Simply import the well-known classes from @openxmldev/linq-to-xml. For example:

import { XAttribute, XElement, XName, XNamespace } from '@openxmldev/linq-to-xml';

Namespaces and Names

Using Office Open XML as an example, the following code snippet shows how namespaces and names can be declared:

class W {
  public static readonly w: XNamespace = XNamespace.get(
    'http://schemas.openxmlformats.org/wordprocessingml/2006/main'
  );

  public static get namespaceDeclaration(): XAttribute {
    return new XAttribute(XNamespace.xmlns.getName('w'), W.w.namespaceName);
  }

  public static readonly document: XName = W.w.getName('document');
  public static readonly body: XName = W.w.getName('body');
  public static readonly p: XName = W.w.getName('p');
  public static readonly r: XName = W.w.getName('r');
  public static readonly t: XName = W.w.getName('t');
}

class W14 {
  public static readonly w14: XNamespace = XNamespace.get(
    'http://schemas.microsoft.com/office/word/2010/wordml'
  );

  public static get namespaceDeclaration(): XAttribute {
    return new XAttribute(
      XNamespace.xmlns.getName('w14'),
      W14.w14.namespaceName
    );
  }

  public static readonly docId: XName = W14.w14.getName('docId');
  public static readonly paraId: XName = W14.w14.getName('paraId');
  public static readonly textId: XName = W14.w14.getName('textId');
}

The C# language would allow you to create XNamespace and XName instances as follows, using implicit conversion operators defined by those classes:

XNamespace w = "http://schemas.openxmlformats.org/wordprocessingml/2006/main";
XName document = w + "document";
XName body = w + "body";

This is not possible in TypeScript, so the above would be written as follows, which is exactly what you would write in C# if you initialized those instances explicitly:

const w = XNamespace.get('http://schemas.openxmlformats.org/wordprocessingml/2006/main');
const document = w.getName('document');
const body = w.getName('body');

Elements and Attributes

Using the above names, you could create a super-simple "Hello World!" document as follows:

const document =
  new XElement(W.document,
    W.namespaceDeclaration,
    W14.namespaceDeclaration,
    new XElement(W.body,
      new XElement(W.p,
        new XAttribute(W14.paraId, '12345678'),
        new XElement(W.r,
          new XElement(W.t, 'Hello World!')))));

Language-Integrated Query (LINQ)

The following code snippet shows just one simple example of how you might use the LINQ-related features.

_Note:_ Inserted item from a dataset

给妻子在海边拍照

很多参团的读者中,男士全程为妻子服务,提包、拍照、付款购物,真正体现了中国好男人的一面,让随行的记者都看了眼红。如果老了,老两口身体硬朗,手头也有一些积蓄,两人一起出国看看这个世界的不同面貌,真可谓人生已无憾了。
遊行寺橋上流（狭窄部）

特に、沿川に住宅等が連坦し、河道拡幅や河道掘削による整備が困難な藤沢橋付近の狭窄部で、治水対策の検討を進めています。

Say you have a document with many paragraphs, all of which have a unique w14:paraId attribute. If you want to get the one and only paragraph having a given w14:paraId value, you would first get the w:p descendants of your w:document root element and then pick the single w:p element having the desired w14:paraId value, if it exists at all.

Here's what you would do in LINQ to XML:

const paragraph = document
  .descendants(W.p)
  .singleOrDefault((p) => p.attribute(W14.paraId)?.value === '12345678');

The above would give you all descendant w:p elemens, including those paragraphs included in tables. If you wanted to restrict this to just the w:p elements that are direct children of the w:body element, here is what you can do:

const paragraph = document
  .elements(W.body)
  .elements(W.p)
  .singleOrDefault((p) => p.attribute(W14.paraId)?.value === '12345678');

If you wanted to get an array of all w14:paraId values for all w:p elements, here is what you would do:

const paraIds = document
  .descendants(W.p)
  .attributes(W14.paraId)
  .select((paraId) => paraId.value)
  .toArray();

Have a look at the LinqElements class to see which general (e.g., singleOrDefault(), select(), toArray()) and XML-specific (e.g., descendants(), elements(), attributes()) LINQ methods are supported by this package.

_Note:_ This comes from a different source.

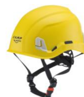
5 - Giallo
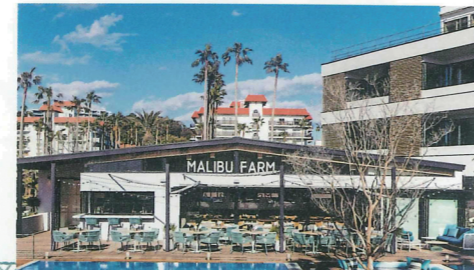
水盤に囲まれた開放的な ウォーターテラス席。 早めの予約を

Language-specific Differences

Naming Conventions

In C#, you use pascal case for property and method names. For example, the XElement class has the Name and FirstAttribute properties and the Attributes() and DescendantsAndSelf() methods.

In JavaScript and TypeScript, you use camel case for property and method names. For example, the property and method names corresponding to the above would be name, firstAttribute,attributes(), and descendantsAndSelf(), respectively.

Default Values

It is important to appreciate the differences between C# vs. JavaScript and TypeScript regarding the default values used for different types, e.g., as assigned by using the default keyword in C# or when not explicitly initializing fields or variables in JavaScript.

In C#, the default values are defined as follows:

  • nullable (e.g., string) and non-nullable (e.g.,string?) reference types: null
  • nullable value (e.g., int?, bool?) types: null
  • non-nullable value types (e.g., int, bool): 0 and false, for example

In JavaScript, there is no default keyword. However, the default value for uninitialized fields or variables is undefined in all cases, including number or boolean, for example.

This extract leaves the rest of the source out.